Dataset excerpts
↓
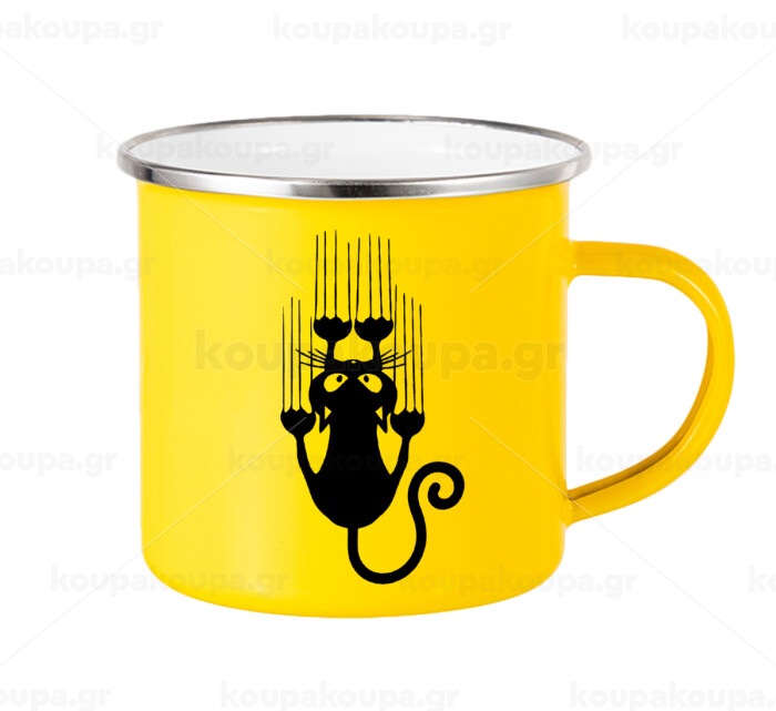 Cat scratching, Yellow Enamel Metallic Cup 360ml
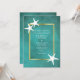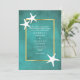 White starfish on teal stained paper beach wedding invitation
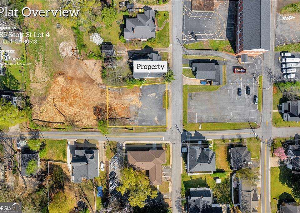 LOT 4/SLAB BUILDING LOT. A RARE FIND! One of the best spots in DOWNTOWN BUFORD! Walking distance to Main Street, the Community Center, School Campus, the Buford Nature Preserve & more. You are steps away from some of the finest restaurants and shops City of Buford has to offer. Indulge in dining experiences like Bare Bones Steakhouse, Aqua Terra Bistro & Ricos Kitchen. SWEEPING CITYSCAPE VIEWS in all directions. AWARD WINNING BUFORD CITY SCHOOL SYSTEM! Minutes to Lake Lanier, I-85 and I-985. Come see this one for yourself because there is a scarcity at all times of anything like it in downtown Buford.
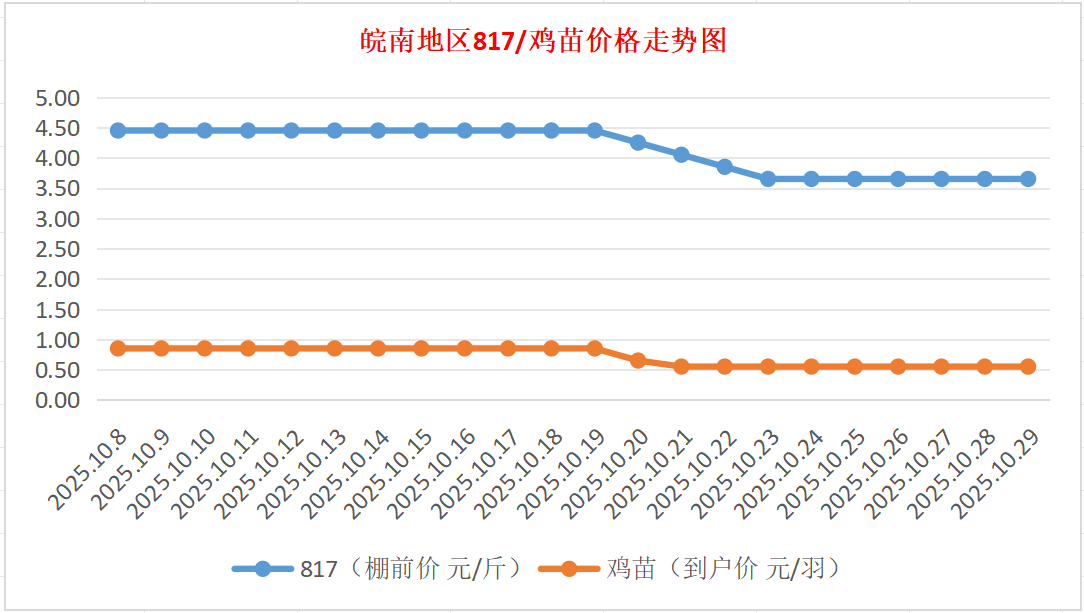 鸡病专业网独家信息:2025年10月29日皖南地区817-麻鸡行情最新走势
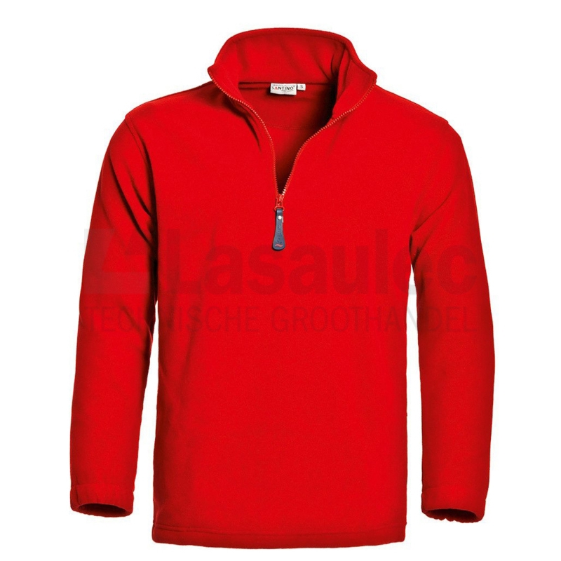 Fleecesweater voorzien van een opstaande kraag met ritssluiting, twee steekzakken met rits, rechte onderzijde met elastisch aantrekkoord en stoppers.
↑
Problem to solve
Repeat the entries faithfully. Any picture gets left out.

Exercise answer
 Cat scratching, Yellow Enamel Metallic Cup 360ml
 White starfish on teal stained paper beach wedding invitation
 LOT 4/SLAB BUILDING LOT. A RARE FIND! One of the best spots in DOWNTOWN BUFORD! Walking distance to Main Street, the Community Center, School Campus, the Buford Nature Preserve & more. You are steps away from some of the finest restaurants and shops City of Buford has to offer. Indulge in dining experiences like Bare Bones Steakhouse, Aqua Terra Bistro & Ricos Kitchen. SWEEPING CITYSCAPE VIEWS in all directions. AWARD WINNING BUFORD CITY SCHOOL SYSTEM! Minutes to Lake Lanier, I-85 and I-985. Come see this one for yourself because there is a scarcity at all times of anything like it in downtown Buford.
 鸡病专业网独家信息:2025年10月29日皖南地区817-麻鸡行情最新走势
 Fleecesweater voorzien van een opstaande kraag met ritssluiting, twee steekzakken met rits, rechte onderzijde met elastisch aantrekkoord en stoppers.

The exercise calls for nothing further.